Filipe - Conto de Liliana Josué

O ancião contemplava, de expressão ausente, a exuberância da paisagem. Com esse enganoso olhar, apenas a si confessava como tudo aquilo lhe era tão nostalgicamente familiar.
Sentado sob o alpendre da velha casa de família, assinalava , de cor, cada árvore e cada arbusto que por ali se estendiam.
 
O vale oferecia uma bucólica paisagem de generosos matizes verdes, amarelos e castanhos.
A terra ..., essa era de tom negro nos sítios onde fora revolvida para que, daí a algum tempo, pudesse rebentar vida desse ventre desnudado. A restante ; a que se encontrava apenas zelando pelos filhos já nascidos: essa era cor de mel: doce e suave.
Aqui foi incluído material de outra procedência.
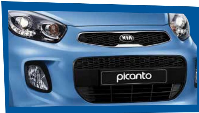
IMPONENTE MÁSCARA "TIGER NOSE" Característica de la marca KIA.

O homem idoso também sentia prazer em admirar as flores que marinhavam, sorrateiras, varanda acima . A custo, erguia-se do banco de pedra e tocava uma delas. Flores ..., tantas flores salpicando de mil tons as brancas paredes da velha casa de província.
A debilidade provocada pelo tempo, sentia-a escorrer-lhe pelo corpo como lodo traiçoeiro. Ainda era um homem válido, perfeitamente lúcido mas, já com tantas limitações. «O canalha não perdoa», balbuciava consigo próprio.
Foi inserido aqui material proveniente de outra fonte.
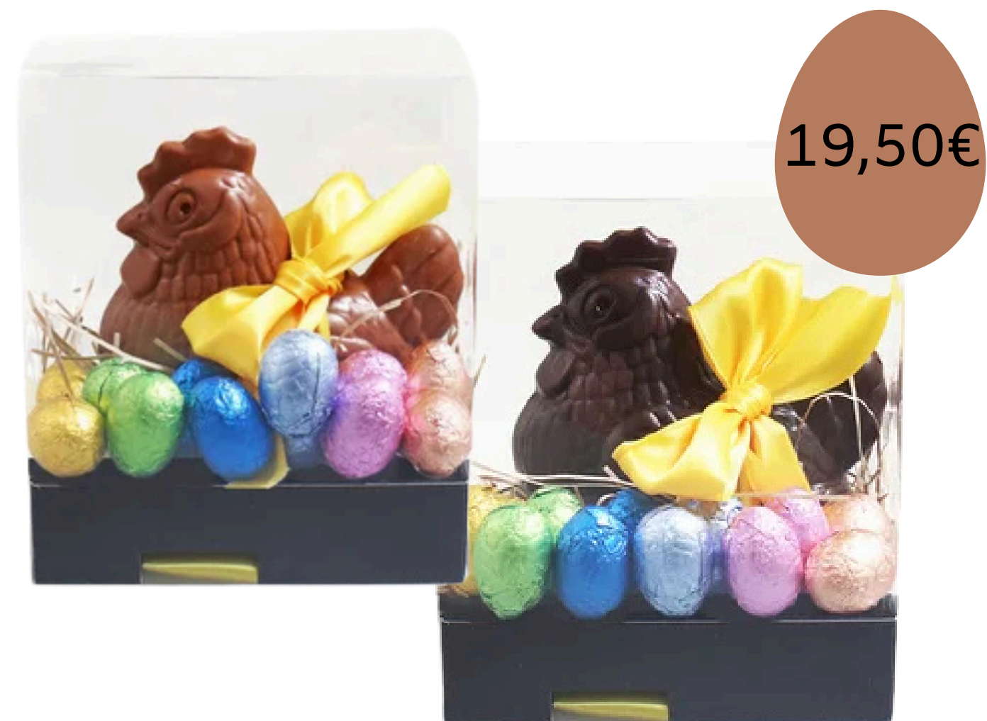
La poule (12cm) et ses petits oeufs

Tal como toda a gente tivera a sua infância e juventude.
Parte dela fora passada entre aquele lugar e Lisboa.
Carregara uma infância débil, muito propenso a doenças. Agora recordava as palavras dos seus progenitores tais como: - «A luz de sol via-se-te através das tuas orelhas». Muitos sustos preguei a meus pais - .
 
No meio de toda aquela fragilidade era uma criança impulsiva, tocando a rebeldia.
Quando lhe dava gana, deleitava-se a narrar aos filhos, algumas das traquinices protagonizadas durante os seus verdes anos.
 
De olhinhos brilhantes começava: - Meninos, para que entendam melhor o «bichinho» que eu era, vou contar uma das minhas tantas implicâncias: Certa altura, estando minha mãe a preparar o lanche para mim e meus irmãos (como acontecia todos os dias) decidi reivindicar.
Tal como os outros, era obsequiado com um leite quentinho e o respectivo pão escuro barrado de manteiga. Sentei-me a observar o recipiente. De repente, olho para a mãe indignado exigindo: «Mãezinha, eu quero o copo cheio».
 
Ela, coitada, de expressão meio zangada retorquiu: «Filipe, o copo está cheio». Por instantes permaneci calado, mas foi mais forte do que eu e tornei a insistir: « Mãezinha, quero o copo cheio!». A resposta dela voltou a ser a mesma.
Esta reciproca prova de resistência durou mais uns instantes até que, minha mãe, de expressão carrancuda e esticando o indicador em direcção ao meu nariz sentenciou: «Filipe, se voltas ao mesmo dou-te uma palmada».

Encolhi-me um pouco e calei-me mas, não podendo aguentar mais ripostei numa explosão: «Mas... Mãezinha, depois de apanhar a palmada posso beber o copo cheio?».
Ao recordar tudo isto, ali sentado, no alpendre da sua infância, uma lágrima teimosa caía-lhe nas mãos. Então, limpava discretamente a traiçoeira, não fosse alguém dar por isso.
Ah! ... e como era bom brincar com os manos e os meninos da sua rua. Correr com o arco, construir carros de madeira deslizando com velhos rolamentos pedidos nas oficinas. Que sensação de liberdade. Encarrapitavam-se neles a voar pela rua inclinada.